Quote Originally Posted by fortinian View Post
Well, there were only five or so docks in Liverpool at the height of the slave trade. They were:

The Old Dock (opened 1715)
Canning Dock (opened 1732)
Salthouse Dock (opened 1753)
Georges Dock (opened 1771)
Queens Dock and Kings Dock (opened 1785)*

The Old Dock was probably used for the slave trade because it was the only dock in Liverpool when it began. As for Georges Dock, I cannot tell you why.

Dukes Dock (opened 1773) was a private dock, mainly dealing with canal traffic.
Going from this...

By the 1730s about 15 ships a year were leaving for Africa and this grew to about 50 a year in the 1750s, rising to just over a 100 in each of the early years of the 1770s. Numbers declined during the American War of Independence (1775-1783), but rose to a new peak of 120-130 ships annually in the two decades preceding the abolition of the slave trade in 1807. Probably three-quarters of all European slaving ships at this period left from Liverpool.

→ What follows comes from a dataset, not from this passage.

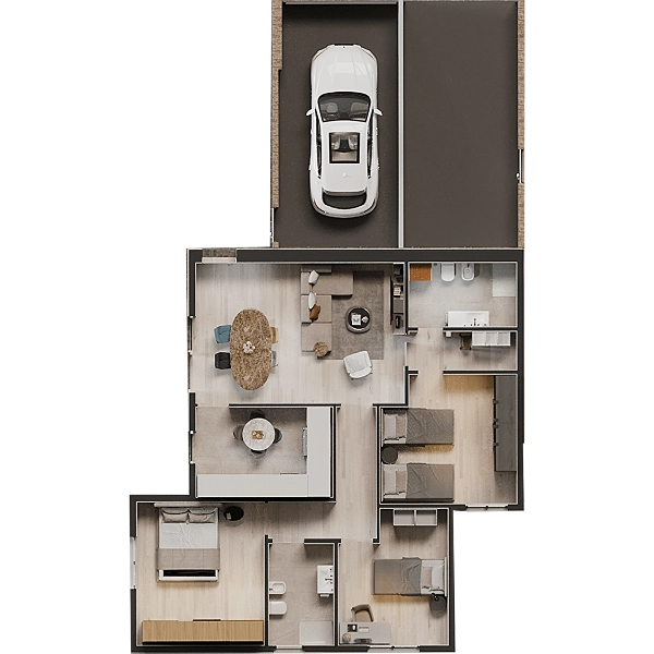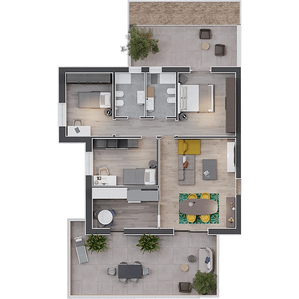 Tutti gli appartamenti sono composti da tre camere da letto, due bagni, soggiorno e cucina abitabile, e dispongono inoltre di garage privato e spazi di servizio. Gli spazi abitativi sono arricchiti da impianti moderni e soluzioni tecnologiche pensate per migliorare la qualità della vita dei residenti, come impianti fotovoltaici privati, riscaldamento a pavimento con cronotermostati indipendenti, sistemi di domotica ampliabili, infissi ad alte prestazioni e finiture di pregio. Il Quadrifoglio rappresenta la sintesi perfetta tra tranquillità, funzionalità e modernità: è un luogo ideale per coppie e famiglie che desiderano più di ogni altra cosa vivere nella quiete e a contatto con la natura.

Overall, Liverpool ships transported half of the three million Africans carried across the Atlantic by British slavers.

...the dates don't seem quite right to favour those two docks.

Also, since the slaves were generally not on board in Liverpool, why would one dock be preferred over any other?
Isn't it just a transatlantic goods shipping issue at Liverpool?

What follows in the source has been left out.